**What you are asked to do**
Only the lines from the one containing "新しいオナホがあるよ!医療用" through the last line below belong in your copy; transcribe them exactly and omit any pictures.

**Data block**
● ● ● ● ● ● ●

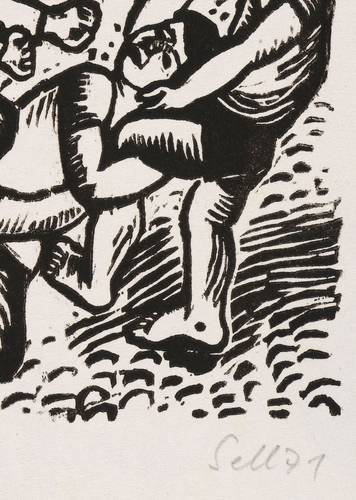 Lothar Sell (1939 Teuenbrietzen - 2009 Meißen). Deutscher Grafiker, Illustrator und Keramiker. 1957-63 Studium an der Hochschule für Bildende Künste Dresden (HfBK), bei Hans Theo Richter und Max Schwimmer. 1966-69 Meisterschüler an der Akademie der Künste Berlin (AdK). 1974-88 Lehrauftrag an der Burg Giebichenstein Hochschule für Kunst und Design in Halle. Mitglied im Verband Bildender Künstler der DDR. Seine Grafiken und Plastiken sind oft geprägt von einem humorigen "bäuerlichen" Charakter. Stilistisch dominiert deshalb eine oft derbe, zumeist auch naive Anmutung. 1976 Illustrationen zu Erwin Strittmatters "Ochsenkutscher". Die Leibesfülle, typisch für Sells Darstellung des menschlichen Körpers, charakterisiert u.a. die Keramiken des Brunnen im Meißner Zollhof.
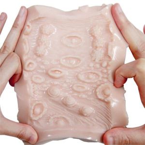 新しいオナホがあるよ!医療用ゴムで作られてるから、食べ物用のルールにも合ってるんだって。外側は硬くて中は柔らかい医療用ゴムでできてて、独自のやり方で一緒になってるんだって。中にヒダがたくさんあって、手で締めつけられるように固めてるから、感じがすごくいいの!匂いやベタつきもなくて、日本で作られた特別なオナホだよ♪
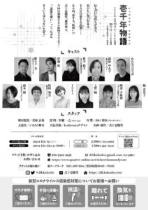 | お問合わせ・チケット予約 | http://www.quartet-online.net/ticket/thousandyears TEL:090-2363-3628 E-Mail:21kkakudo@gmail.com(弐十壱鶴堂) |
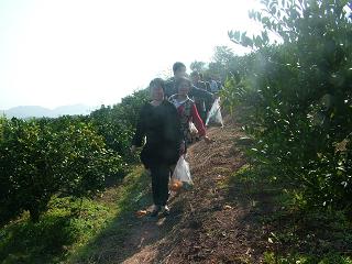 游览千岛湖后,大家游性高涨,驱车来到当地的桔园,沿着坎坷的小道,拿着剪刀和袋子,流连在浓密的桔园中,挑选着心仪的桔子。放眼四望,金灿灿的果实挂满枝头,自有一种回归自然的朴实与恬淡。吃着农家饭,品着农家菜,看着鳞次栉比的幢幢新楼,拎着沉甸甸的劳动成果,不由感慨现在中国农民日新月异、今非昔比的变化。

● ● ● ● ● ● ●

**Worked solution**
 新しいオナホがあるよ!医療用ゴムで作られてるから、食べ物用のルールにも合ってるんだって。外側は硬くて中は柔らかい医療用ゴムでできてて、独自のやり方で一緒になってるんだって。中にヒダがたくさんあって、手で締めつけられるように固めてるから、感じがすごくいいの!匂いやベタつきもなくて、日本で作られた特別なオナホだよ♪
 | お問合わせ・チケット予約 | http://www.quartet-online.net/ticket/thousandyears TEL:090-2363-3628 E-Mail:21kkakudo@gmail.com(弐十壱鶴堂) |
 游览千岛湖后,大家游性高涨,驱车来到当地的桔园,沿着坎坷的小道,拿着剪刀和袋子,流连在浓密的桔园中,挑选着心仪的桔子。放眼四望,金灿灿的果实挂满枝头,自有一种回归自然的朴实与恬淡。吃着农家饭,品着农家菜,看着鳞次栉比的幢幢新楼,拎着沉甸甸的劳动成果,不由感慨现在中国农民日新月异、今非昔比的变化。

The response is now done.